Darrel Schneider updated GEODE-482:
-----------------------------------
    Component/s:     (was: core)
                 serialization

> deserialization can hang for one minute waiting for a DataSerializer
> --------------------------------------------------------------------
>
>                 Key: GEODE-482
>                 URL: https://issues.apache.org/jira/browse/GEODE-482
>             Project: Geode
>          Issue Type: Bug
>          Components: serialization
>            Reporter: Darrel Schneider
>
> If a JVM does not explicitly register a DataSerializer it is going to use but instead relies and Geode to distribute the DataSerializer to it from another member or server then a race condition exists that can cause it to wait for 1 minute and fail to find the DataSerializer.

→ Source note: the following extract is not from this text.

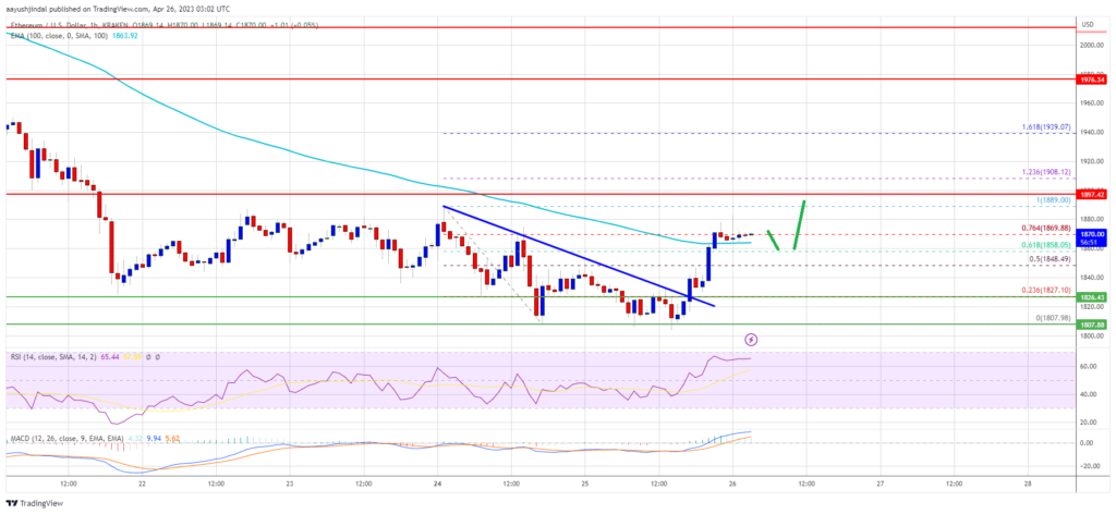 Ethereum’s price extended its decline below the $1,820 zone. However, ETH remained well-bid above the $1,800 level and recently started an upside correction, similar to Bitcoin from $27,000.

> The work around for this is to explicitly register the DataSerializer using a static initializer or the cache.xml serializer element.
> A unit test was intermittently hitting this problem (see GEODE-376) but that test has been changed to workaround the race in the product.
> The race is in this code com.gemstone.gemfire.internal.InternalDataSerializer.getSerializer(int):
>     SerializerAttributesHolder sah=idsToHolders.get(idx);
>     while (result == null && !timedOut && sah == null) {
>       Object o = idsToSerializers.putIfAbsent(idx, marker);
>       if (o == null) {
>         result = marker.getSerializer();
> If getSerializer sees a null "sah" but before it can do the "idsToSerializers.putIfAbsent" another thread executes this code com.gemstone.gemfire.internal.InternalDataSerializer.register(String, boolean, SerializerAttributesHolder):
>     if (className == null || className.trim().equals("")) {
>       throw new IllegalArgumentException("Class name cannot be null or empty.");
>     }
>     SerializerAttributesHolder oldValue = dsClassesToHolders.putIfAbsent(
>         className, holder);
>     if (oldValue != null) {
>       if (oldValue.getId() != 0 && holder.getId() != 0
>           && oldValue.getId() != holder.getId()) {
>         throw new IllegalStateException(snip);
>      }
>     }
>     idsToHolders.putIfAbsent(holder.getId(), holder);
>     Object ds = idsToSerializers.get(holder.getId());
>     if (ds instanceof Marker) {
>       synchronized (ds) {
>         ((Marker)ds).notifyAll();
>       }
>     }
> So this thread does not see the Marker and does not notify it.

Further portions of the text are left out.